Огорчение, невольно причиненное своим близким, повергало Николя в уныние, однако он еще не решался сделать вытекающий из него вывод, ибо тогда ему пришлось бы признать, что их связь возникла по ошибке, а госпожа Ластерье его недостойна. Тут же он ощутил укол уязвленного самолюбия, обвинившего его в том, что он уступил страсти, уважать предмет коей он не мог, однако все еще продолжал любить, хотя и краснел при каждом о нем воспоминании. Сегодняшняя сцена стала последней каплей, переполнившей чашу его терпения. Зачем он согласился поужинать с ней вдвоем? Впрочем, он прекрасно это знал… Обещание, данное Жюли, вынудило его огорчить отказом Ноблекура, намеревавшегося сегодня вечером разделить с друзьями пирог с сюрпризом, испеченный в честь праздника Богоявления. К Николя, Семакгюсу и инспектору Бурдо обещал — если позволит служба королю — присоединиться Лаборд. Скрепя сердце Николя отклонил приглашение.

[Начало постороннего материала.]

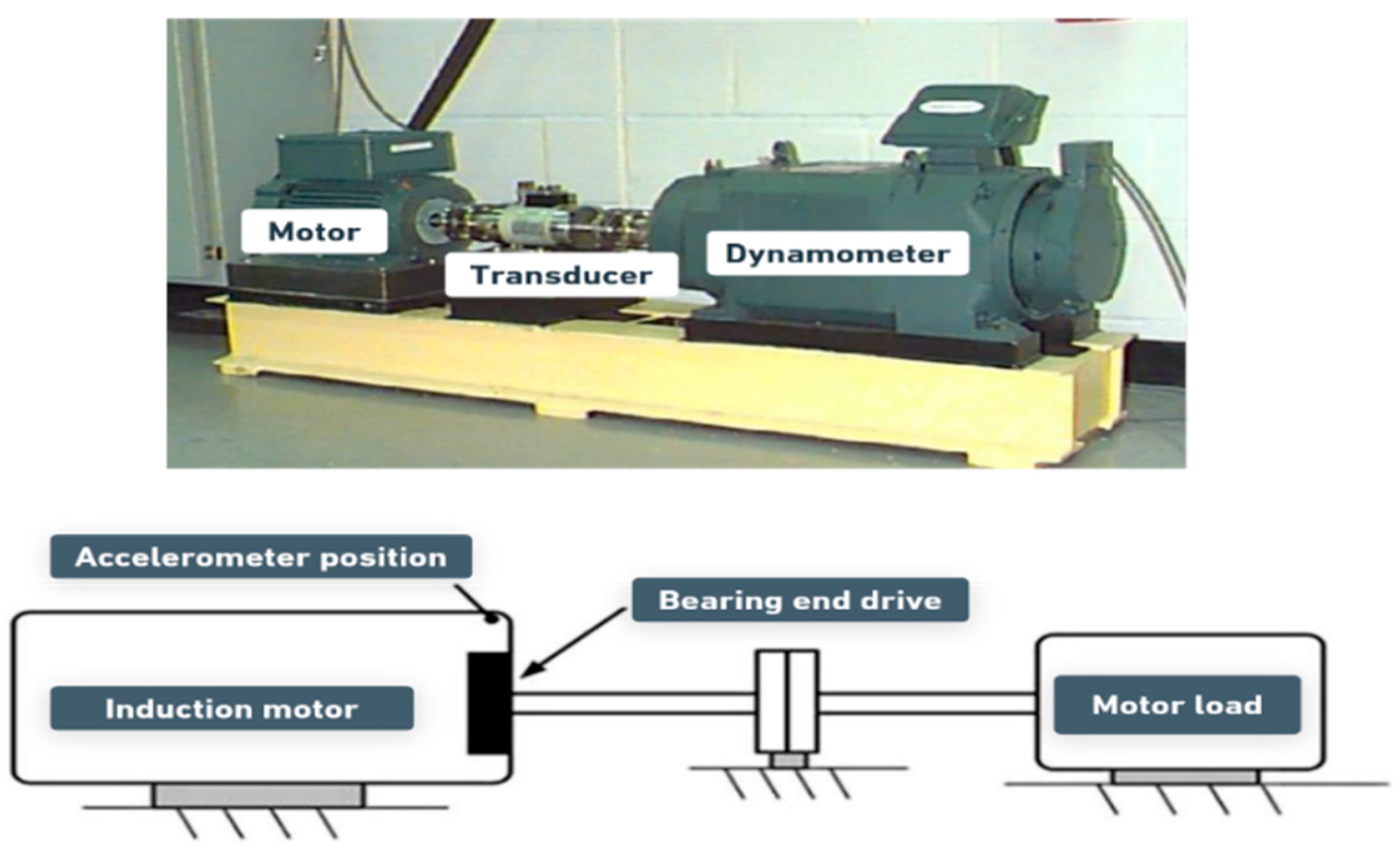 Figure 1 consists of an electric induction motor on one side, a torque transducer in the middle, and a dynamometer on the other end to simulate the load. The experimental data was obtained based on the accelerations generated by an electric motor under various conditions, including altering the nature of failure, severity, and the shaft rotational speed.

Добравшись к вечеру до улицы Верней, он, к великому удивлению, обнаружил в доме Жюли веселую компанию. Встретившая его насмешливая гримаска госпожи Ластерье, ее с тревогой заданный вопрос, отчего он прибыл в столь ранний час, не понравились ему, равно как и известие, что на ужин приглашено не менее дюжины гостей, часть из которых уже прибыла. Оставив его, Жюли с улыбкой заспешила к фортепьяно, дабы перевернуть страницу партитуры для молодого человека, сидевшего за инструментом. Рядом Николя увидел Бальбастра, чье румяное личико, напудренное и нарумяненное сверх всякой меры, покрылось морщинками из-за ехидной гримасы, скорченной органистом, когда тот отвешивал ему приветственный поклон; черные глаза музыканта враждебным взором буравили комиссара. Четверо незнакомых Николя молодых людей играли в карты за ломберным столиком с китайской столешницей в стиле «коромандель»[1]. Не считая органиста, никогда не пропускавшего приемов, устраиваемых Жюли, Николя оказался самым старым среди гостей. От сознания сего факта ему стало грустно, но он тотчас укорил себя за столь нелепое чувство. Как повести себя, чтобы двадцатилетние юнцы не вынудили его играть роль комического старца, этакого Альцеста[2], случайно затесавшегося в компанию молодых хлыщей? Прислонившись к окну, он принялся разглядывать молодого человека за фортепьяно, чье лицо с острыми скулами, мучительно напоминало чей-то образ из его прошлого — словно лицо утопленника, всплывшего на поверхность из толщи вод, когда о нем уже перестали вспоминать. Решительно, сегодня все хотели заинтриговать его. Кстати, почему она не представила его своим гостям? Список публичных унижений увеличился еще на один пункт, а его самолюбие в очередной раз ощутило нанесенный ему удар. Казимир и Юлия, чернокожие слуги, привезенные хозяйкой с Гваделупы, разносили вина и шоколад, к которому подавалось миндальное печенье, а также напиток, являвший собой смесь сахарного сиропа с белым ромом, куда Юлия добавляла цедру бергамота и несколько капель таинственного настоя, выдать секрет которого она категорически отказалась, сопроводив отказ громким смехом. Николя уже успел оценить это изысканное питье в более уютной обстановке.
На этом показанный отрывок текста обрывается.